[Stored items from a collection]
#####
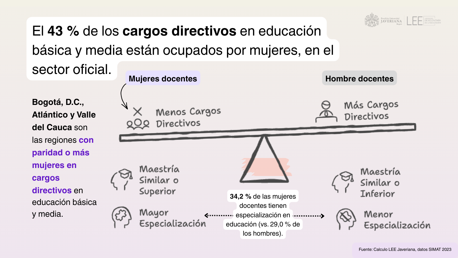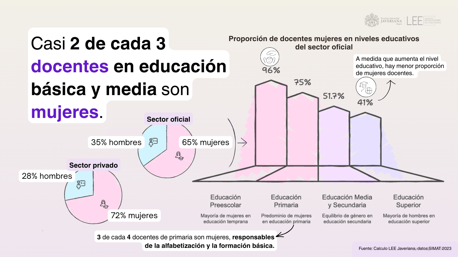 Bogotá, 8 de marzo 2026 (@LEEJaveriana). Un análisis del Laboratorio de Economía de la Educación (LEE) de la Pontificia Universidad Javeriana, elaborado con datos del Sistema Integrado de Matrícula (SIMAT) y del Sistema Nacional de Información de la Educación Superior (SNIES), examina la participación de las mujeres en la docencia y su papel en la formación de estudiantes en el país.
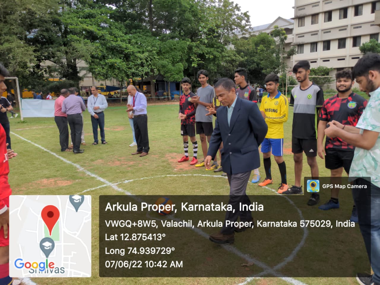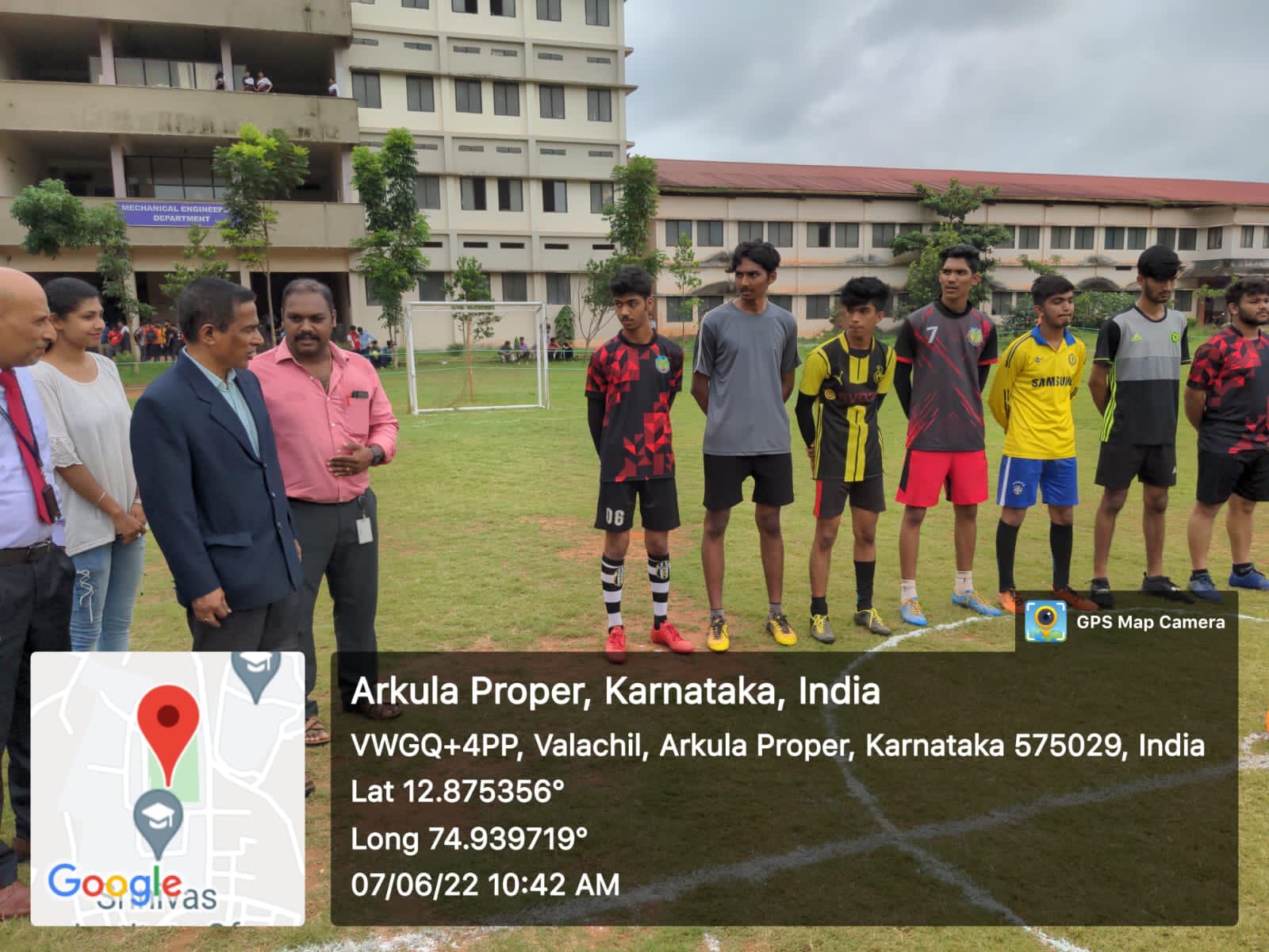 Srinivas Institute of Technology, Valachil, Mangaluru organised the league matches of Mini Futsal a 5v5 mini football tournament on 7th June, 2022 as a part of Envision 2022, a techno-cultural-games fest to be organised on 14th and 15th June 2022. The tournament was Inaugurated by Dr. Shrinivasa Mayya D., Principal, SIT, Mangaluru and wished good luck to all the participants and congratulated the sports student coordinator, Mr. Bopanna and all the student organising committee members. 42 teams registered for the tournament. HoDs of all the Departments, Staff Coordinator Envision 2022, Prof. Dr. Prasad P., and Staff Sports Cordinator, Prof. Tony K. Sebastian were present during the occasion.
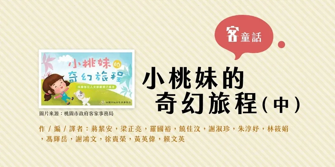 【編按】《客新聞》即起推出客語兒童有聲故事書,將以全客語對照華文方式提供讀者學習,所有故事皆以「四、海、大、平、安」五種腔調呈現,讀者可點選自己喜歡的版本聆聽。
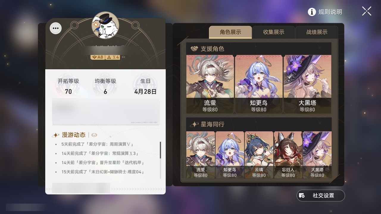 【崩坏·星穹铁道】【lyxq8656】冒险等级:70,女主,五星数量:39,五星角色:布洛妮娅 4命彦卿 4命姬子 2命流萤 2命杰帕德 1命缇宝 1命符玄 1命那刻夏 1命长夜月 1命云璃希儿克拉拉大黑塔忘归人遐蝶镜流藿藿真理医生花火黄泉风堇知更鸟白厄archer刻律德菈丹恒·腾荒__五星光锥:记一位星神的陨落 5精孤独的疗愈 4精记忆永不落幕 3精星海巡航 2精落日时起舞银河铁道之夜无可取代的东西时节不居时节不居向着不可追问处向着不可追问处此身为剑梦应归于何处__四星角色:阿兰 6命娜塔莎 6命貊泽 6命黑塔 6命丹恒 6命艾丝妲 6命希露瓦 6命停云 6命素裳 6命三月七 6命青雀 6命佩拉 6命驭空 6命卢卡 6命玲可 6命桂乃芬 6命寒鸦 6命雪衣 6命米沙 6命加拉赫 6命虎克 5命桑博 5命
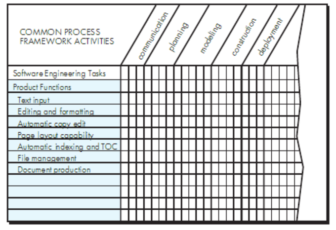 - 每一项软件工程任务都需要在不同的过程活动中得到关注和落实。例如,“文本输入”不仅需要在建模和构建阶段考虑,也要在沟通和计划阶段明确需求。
#####
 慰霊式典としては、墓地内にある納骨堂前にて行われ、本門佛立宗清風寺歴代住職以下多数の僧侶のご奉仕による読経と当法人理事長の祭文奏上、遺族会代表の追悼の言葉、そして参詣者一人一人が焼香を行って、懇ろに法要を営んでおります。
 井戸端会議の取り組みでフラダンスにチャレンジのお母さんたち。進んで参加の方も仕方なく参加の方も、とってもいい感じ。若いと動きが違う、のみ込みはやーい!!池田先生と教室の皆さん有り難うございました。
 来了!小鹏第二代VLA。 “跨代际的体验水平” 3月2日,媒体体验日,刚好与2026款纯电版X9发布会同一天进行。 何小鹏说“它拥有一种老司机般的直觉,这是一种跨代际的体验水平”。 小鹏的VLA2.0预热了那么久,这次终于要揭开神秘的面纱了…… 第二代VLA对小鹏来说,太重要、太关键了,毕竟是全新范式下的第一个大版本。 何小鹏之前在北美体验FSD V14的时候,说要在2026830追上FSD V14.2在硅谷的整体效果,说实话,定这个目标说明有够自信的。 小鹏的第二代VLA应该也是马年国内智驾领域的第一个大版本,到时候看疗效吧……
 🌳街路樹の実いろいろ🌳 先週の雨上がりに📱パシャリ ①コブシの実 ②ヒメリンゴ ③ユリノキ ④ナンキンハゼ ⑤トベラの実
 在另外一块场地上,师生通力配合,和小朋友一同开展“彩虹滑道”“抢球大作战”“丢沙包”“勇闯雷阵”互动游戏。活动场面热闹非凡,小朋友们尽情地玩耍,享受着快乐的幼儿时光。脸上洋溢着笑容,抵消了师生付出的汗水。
#####
AIM OF THE EXERCISE:
What is asked for is an exact copy of the lines above from the one containing "慰霊式典としては、墓地内にあ" through the one containing "井戸端会議の取り組みでフラダ", and only those.

EXERCISE RESPONSE:
 慰霊式典としては、墓地内にある納骨堂前にて行われ、本門佛立宗清風寺歴代住職以下多数の僧侶のご奉仕による読経と当法人理事長の祭文奏上、遺族会代表の追悼の言葉、そして参詣者一人一人が焼香を行って、懇ろに法要を営んでおります。
 井戸端会議の取り組みでフラダンスにチャレンジのお母さんたち。進んで参加の方も仕方なく参加の方も、とってもいい感じ。若いと動きが違う、のみ込みはやーい!!池田先生と教室の皆さん有り難うございました。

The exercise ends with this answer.